When I was in graduate school, one thing we learned to do was critique. In fact, we spent so much time learning the art of criticism, particularly against whatever the “reigning paradigm” was, that we sometimes referred to it as “piranha school”.
At the time, the dominant paradigm in the study of international politics was Realism. Yes, there were nuances and debates among Realists (more, I think, than we really appreciated at the time). But on the whole, Hans Morgenthau was the Godfather and Ken Waltz the reigning king, with up-and-coming princes like Steve Walt, John Mearsheimer, and Bruce Bueno de Mesquita carrying the banners of the empire. Since we all grew up in the era of Star Wars (both Lucas’ and Reagan’s), we knew an Evil Empire when we saw one.
Against this seeming intellectual monolith we hurled any number of counter-arguments. We read Keohane’s After Hegemony and argued that there really is a role for international organizations like the UN. We read Jervis’ Perception and Misperception in International Politics and mocked Realists for their dependence on a rationality that clearly doesn’t exist in the real world. When Alex Wendt’s “Anarchy is What States Make of It” rolled off the presses, we lapped it up.
In the midst of all of our ferocious critique, however, we lost sight of a truth that the Realists had begun with: power matters. A lot. In fact, while there are counterexamples, power drives political outcomes far more often than otherwise. I was reminded of this reality in a very different context the other day, reading this New York Times article about legal representation in the multitude of court cases springing up around issues of homosexual marriage and gay rights. Here’s the money quote, from early in the article:
Leading law firms are willing to represent tobacco companies accused of lying about their deadly products, factories that spew pollution, and corporations said to be complicit in torture and murder abroad. But standing up for traditional marriage has turned out to be too much for the elite bar. The arguments have been left to members of lower-profile firms.
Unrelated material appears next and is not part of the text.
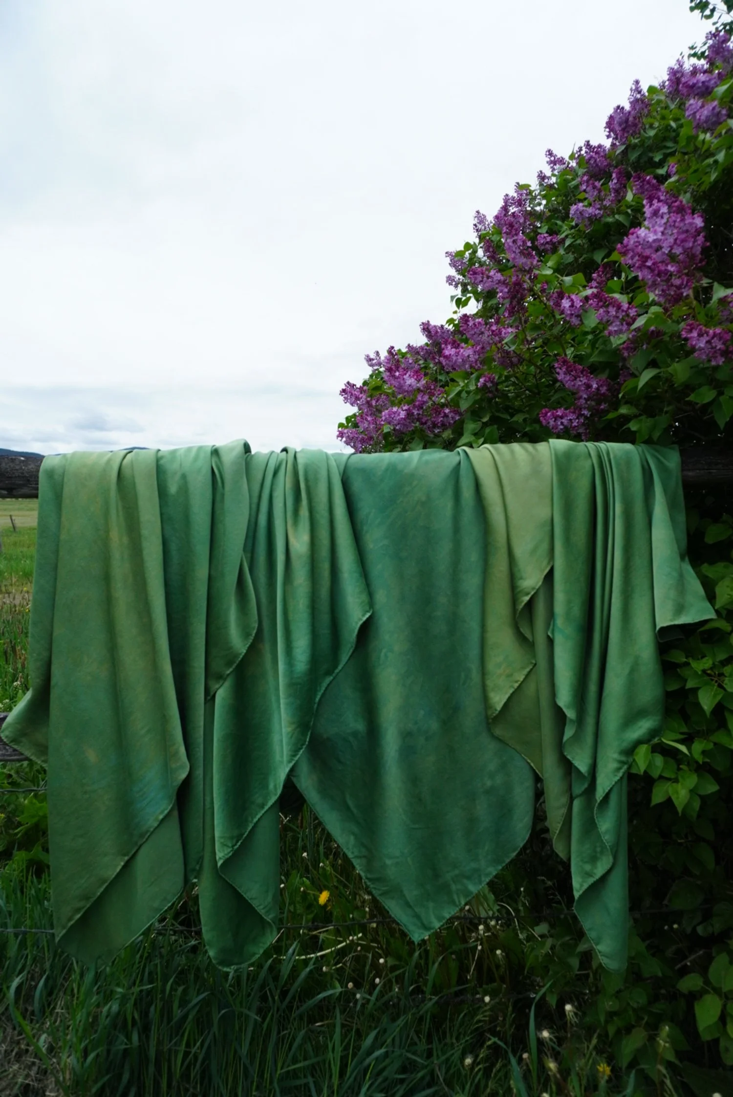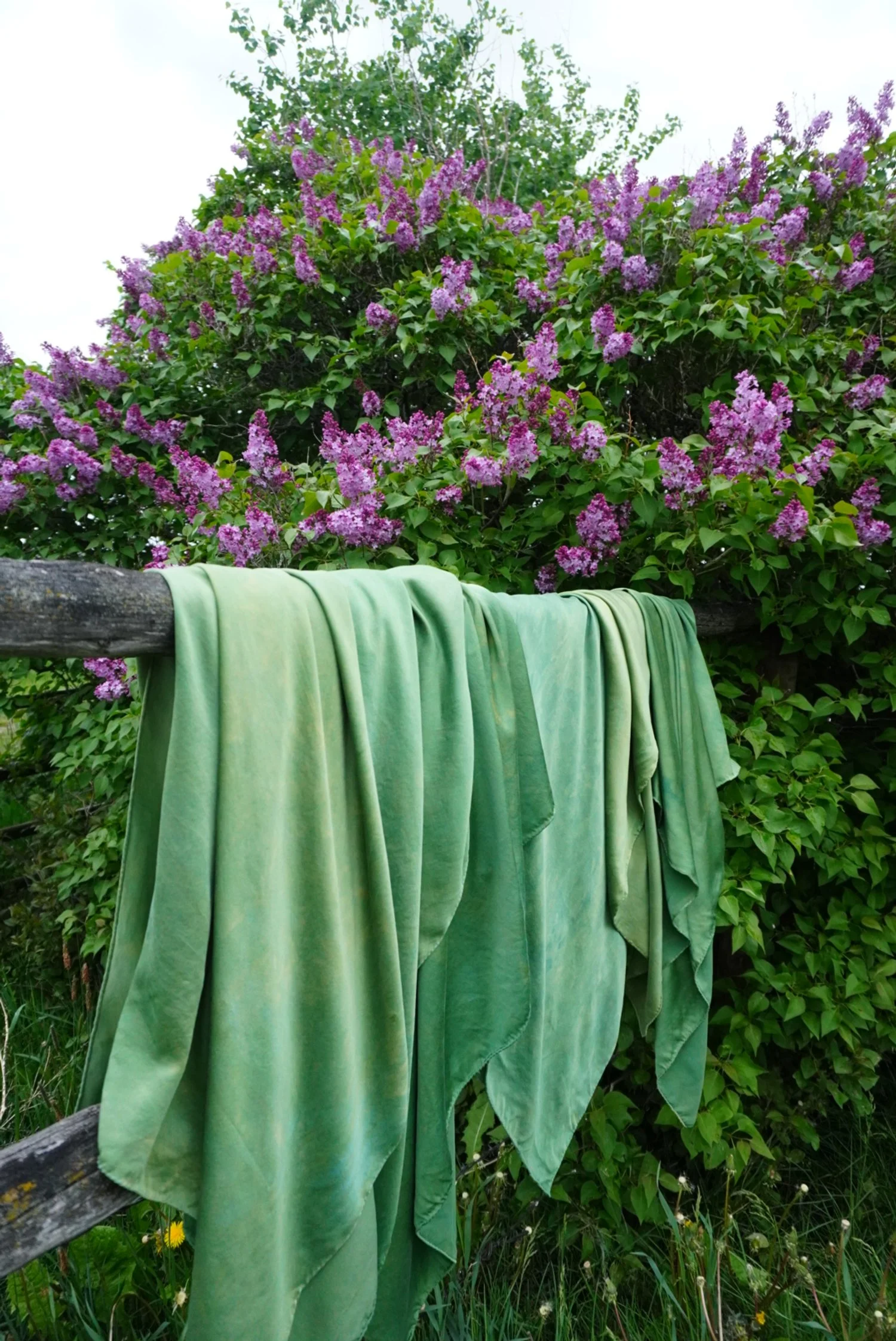 The natural dye of your wild rag is a living, dynamic hue. As such, it reacts to elements of nature, such as metals, sunlight, and acidity. To extend the longevity and vibrancy of your living color, it is best to store your scarf out of direct sunlight and to always hand wash with cold water and a small dose of liquid, pH neutral detergent. This tends to include most of the additive-free detergents commonly found at any grocery store (such as free and clear). Do not use a washing machine, as the metal patterns in the machine can stain your rag. I recommend hanging your silk to dry, although you may use a non-heated setting on your dryer. Exposing your rag to metals, particularly iron, may result in staining.

The article presents this as something of a mystery, but it shouldn’t be. Tobacco companies, polluting factories, multinational corporations – all have a measure (often a significant measure) of money and power in society. Another article recently talked about the difficulty seismologists are having in Oklahoma getting anybody to pay attention to the massive spike in earthquakes there, because of the economic power of the oil-drilling industry.
Those “standing up for traditional marriage”, on the other hand, are not wealthy or particular powerful. Some few of them individually may be, but there is no organized interest which connects that position with power. Moreover, they are clearly on the losing end of the national debate, so that what power there is (and it can be significant in the right circumstances) in public opinion is arrayed against them. Is it any surprise that major law firms have decided to sit this one out? Being self-interested (another basic Realist tenet), they have no incentive to do otherwise.
Realism has run into trouble not because its central theoretical ideas are bad (power does matter, actors do pursue self-interest) but because they have tended to be too rigid about their application. Before he made a career out of poking Israel with a stick, John Mearsheimer famously penned “Why We Will Soon Miss the Cold War”, quite possibly one of the worst predictions of the last generation. He saw a return to a warring, multipolar Europe instead of the greater institutional integration that actually happened. Chalk one up to Keohane.
But just because Realists have been wrong in specific cases (sometimes spectacularly so), we should not dismiss the fundamental core ideas that drove their movement. Instead, we should be looking for a broader array of opportunities to apply them. A more flexible Realism might help make sense of a great many things in the political world that don’t make sense to most folks. At the very least, it would help move us beyond being piranha to building explanations that we can (hopefully) communicate to the wider world.